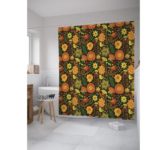 Сопутствующие товары для шторки-занавески JOYARTY В стиле хохломы из сатена, 180х200 см с крючками
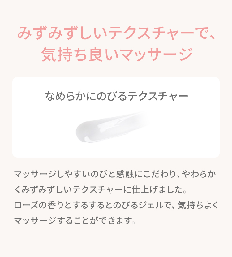 マッサージしやすいのびと感触にこだわり、やわらかくみずみずしいテクスチャーに仕上げました。 ローズの香りとするするとのびるジェルで、気持ちよくマッサージすることができます。
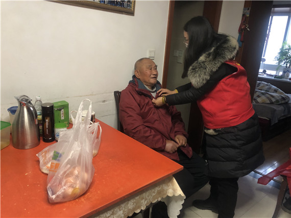 今年88歲的楊德富是一位老復(fù)員軍人,由于老人年紀(jì)較大,平時(shí)社區(qū)黨委就經(jīng)常組織黨員義工走訪以便及時(shí)了解他的身體和生活狀況,每周還協(xié)同居家養(yǎng)老中心工作人員定期上門(mén)探訪,與老人談心、幫老人做一些力所能及的家務(wù),遵循志愿者助人自助的理念,幫助解決老人日常生活中的困難。
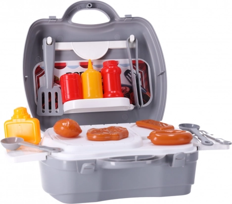 Táto sada je ideálna pre každého malého kuchára, ktorý túži stať sa majstrom grilu, aj keď je vonku zatiahnuté. Celá sada sa ľahko uzavrie v kufríku, vďaka čomu ju môžu deti vziať kamkoľvek so sebou. Tento produkt je perfektný tip na darček.
****************************************
■ **Task**
When you reach the line that contains "マッサージしやすいのびと感触", start copying the listing word for word and stop only after its last line, without any pictures.

■ **Result of the exercise**
 マッサージしやすいのびと感触にこだわり、やわらかくみずみずしいテクスチャーに仕上げました。 ローズの香りとするするとのびるジェルで、気持ちよくマッサージすることができます。
 今年88歲的楊德富是一位老復(fù)員軍人,由于老人年紀(jì)較大,平時(shí)社區(qū)黨委就經(jīng)常組織黨員義工走訪以便及時(shí)了解他的身體和生活狀況,每周還協(xié)同居家養(yǎng)老中心工作人員定期上門(mén)探訪,與老人談心、幫老人做一些力所能及的家務(wù),遵循志愿者助人自助的理念,幫助解決老人日常生活中的困難。
 Táto sada je ideálna pre každého malého kuchára, ktorý túži stať sa majstrom grilu, aj keď je vonku zatiahnuté. Celá sada sa ľahko uzavrie v kufríku, vďaka čomu ju môžu deti vziať kamkoľvek so sebou. Tento produkt je perfektný tip na darček.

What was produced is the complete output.